Parks and Re-Creation

It was Carolyn Jenkins who came up with the idea: gatherings in a local park on a few Sunday afternoons, just for fellowship. The advertising graphic with my face, superimposed on a Forrest Gump poster—that was my suggestion. Lindsey or Carolyn picked up the balloons. Wayne put out a sign, and Erin coordinated it all. And that was the total of the work and planning that has gone into Pastor in the Park. With no agenda, and no food or drinks provided unless individuals brought them, it's as low maintenance as it gets for an FBCA activity. We have had two such gatherings already this summer, with one more scheduled for August 8.

This past Sunday we met at Belle Haven Park, under a copse of trees for shade, down along the Potomac River. Not many—but a good group. An almost entirely different group from the one before. We had pleasant conversations, nothing heavy. People talked about their jobs and how they came to the area. Virginia and Alexandria history. A little theology. We even talked about funerals, burials, cremation, and obituary writing.

The weather was good for the first one in Fort Ward Park last month—but it was absolutely perfect for this one. We had a gentle breeze, temperature in the mid-80's, and very little humidity.

Things got even better when a man came along pushing a cart with ice cream to sell.

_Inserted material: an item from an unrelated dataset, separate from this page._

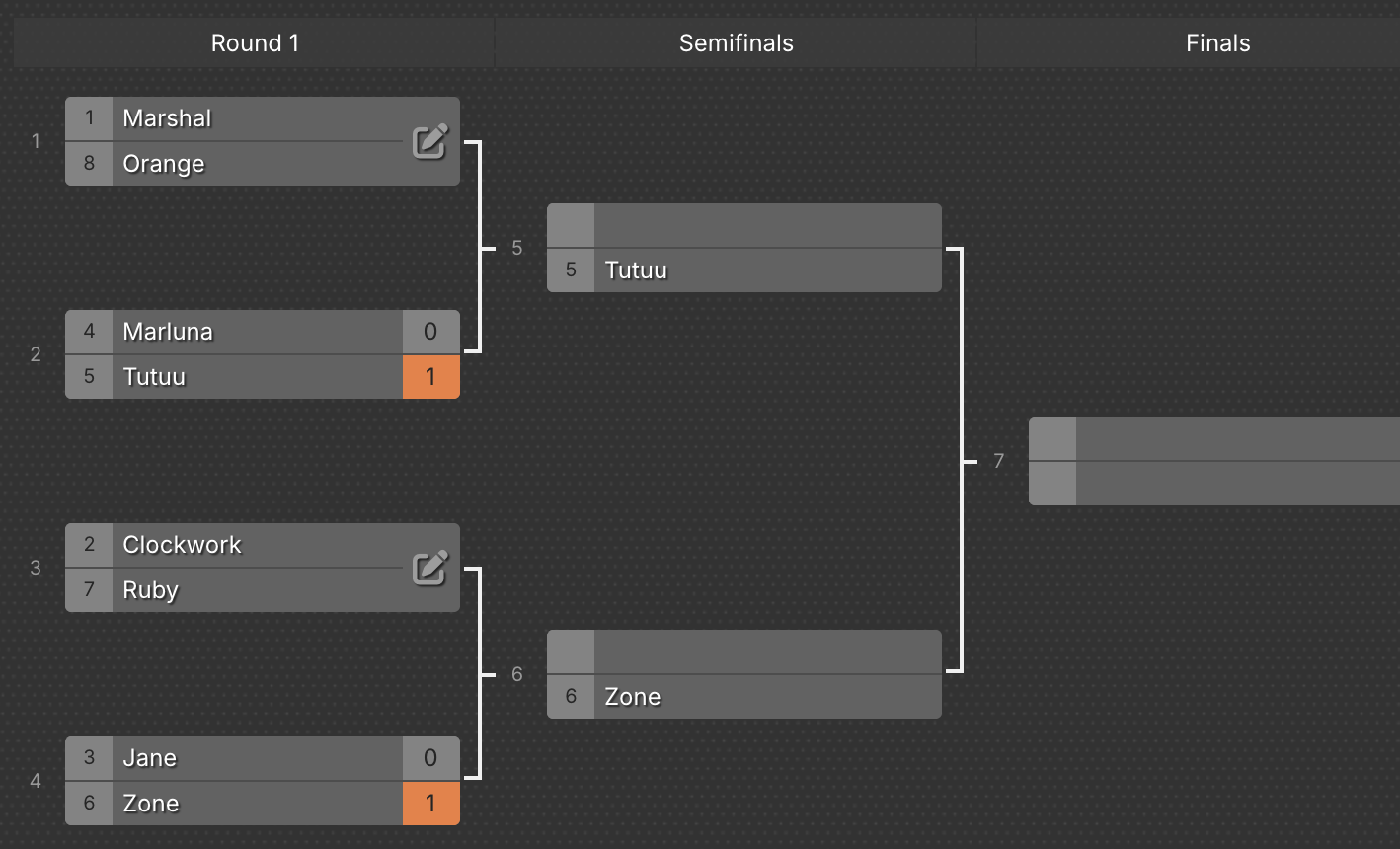 Neat! …now make a Losers Bracket and have the winner from that Bracket fight the winner from the Winners Bracket.

I jumped up and ran over but then remembered that I had no money in my pocket. Nancy handed me a $20 bill and I was able to buy a cookies & cream Popsicle.  "I'll gladly repay you on Tuesday,” I told her (and she recognized the Wimpy Smith reference).

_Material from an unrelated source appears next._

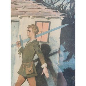 RARE Antique Peter Pan by Charles Buchel Fine Art Colored Lithograph framed

I quickly forgot that I was using borrowed funds, though, when one of my favorite little children walked over and saw my Popsicle. I had the extra money, so I bought her one and saw her eyes light up with joy.

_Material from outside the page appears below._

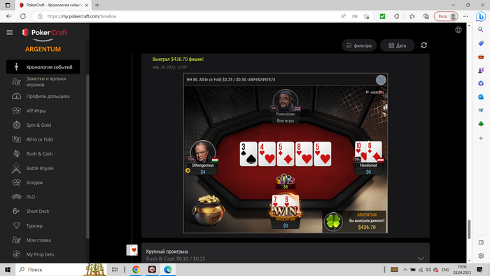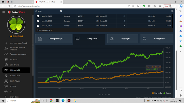 Еще играл немного Allin or fold и о чудо! выпал джек на 436 $ Я всерьез задумался сделать эту дисциплину для себя одной из основных.она возможно бьется за счет ну откровенно очень слабого поля(но это не точно)

Several children were there—playing with the bubbles from a tiny bubble machine that one of them had brought. Running and chasing each other. Looking at the ducks. A little Muslim girl in a pretty, white dress wandered into the circle and joined in with our kids. Her mother, wrapped from head to toe as women from that culture do, watched from a distance.

After a while, I walked over to meet her, and found that her daughter's name is Alia. Then, I met her husband. They spoke almost no English but seemed to warm to my greeting. They are from Saudi Arabia and have only been in our country for a few months. I welcomed them and told them that we were glad to have them here. I think they understood that and could tell by my smile that I was sincere in saying it.

Walter was there and talked about trains. Charles informed me of the new law in Virginia against releasing balloons in open spaces, and the fine attached to it. I had no plans to do so, but things happen, you know. I told him about the state law against capturing and re-locating squirrels, which I am guilty of doing—a couple of times. A long time ago, though. A very, long time ago. Someone else told me about the dinner she recently had with the members of a cult. "Very nice people," she said. "But they had some weird beliefs."

Uninterrupted time to just be together and get to know each other. In the course of a busy week and a crowded Sunday morning at church there is so little opportunity to do that—but that's what we all really need, I think. Talking about our lives, sharing our stories over melting ice cream. Grasping at bubbles that last only as long as you reach out to touch and try to hold them.

Toward the end of the evening, I took one of the red balloons over to give to Alia and watched her smile with delight. Later I learned that Carolyn had done the same thing a little earlier. A gesture of friendship. The child had lost her grip on the string of the first balloon and that balloon was gone by the time I walked over to offer mine.

I watched as she and her parents left the park, her little hand gripping the string more tightly this time.